Dataset.
- - -
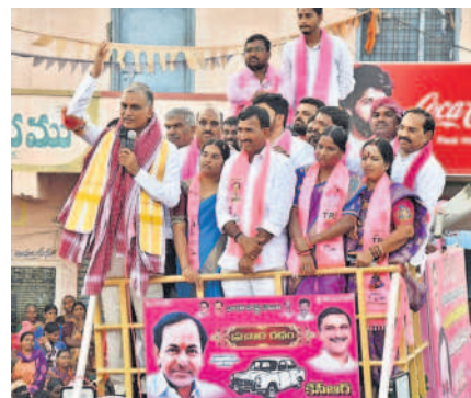
మాట్లాడుతున్న మంత్రి తన్నీరు హరిశ్చంద్రావు
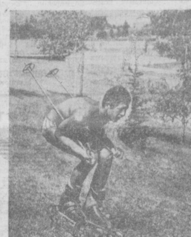
ЮГОСЛАВИЯ. Вот так лихо натают на горы на роляхных лыжах белградские студенты. Они остаются верны зимнему спорту, правда, чуть видоизмененному, даже в дни жаркого лета.

ЛАГОС. Крупным событием в культурной жизни Нигерии стало создание первой на севере страны постоянной театральной труппы при университете имени Ахмаду Белло.
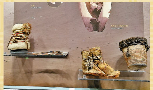
◆新疆若羌縣小河墓地出土的部分文物
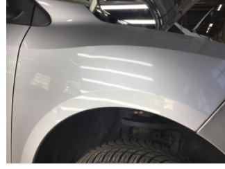
Çamurluk, sağ, Çamurluk, sağ > Ezik
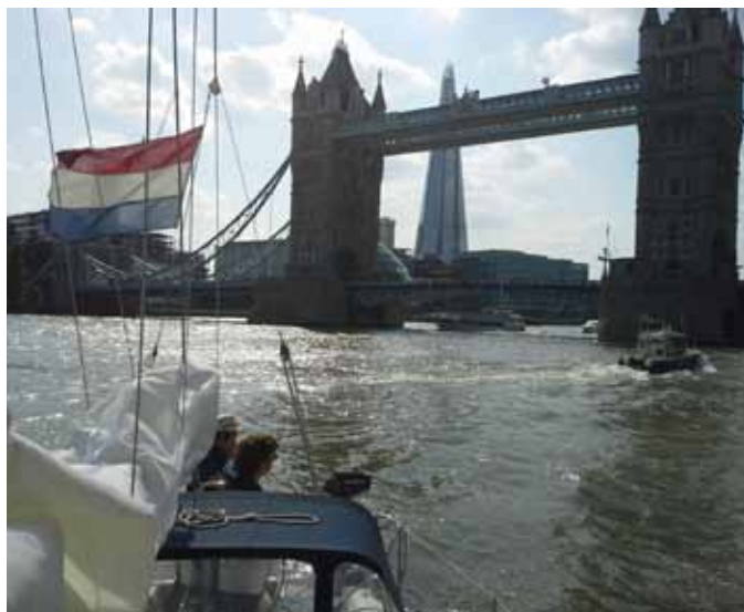
De iconische Tower Bridge

Na alle foto's 'die genomen moeten worden als je de Tower Bridge tegemoet vaart', en na het sluizen en vastleggen, ploffen we neer.
- - -
Task brief. All lines above containing the string "Tower" are to be collected.

Exercise result.
De iconische Tower Bridge
Na alle foto's 'die genomen moeten worden als je de Tower Bridge tegemoet vaart', en na het sluizen en vastleggen, ploffen we neer.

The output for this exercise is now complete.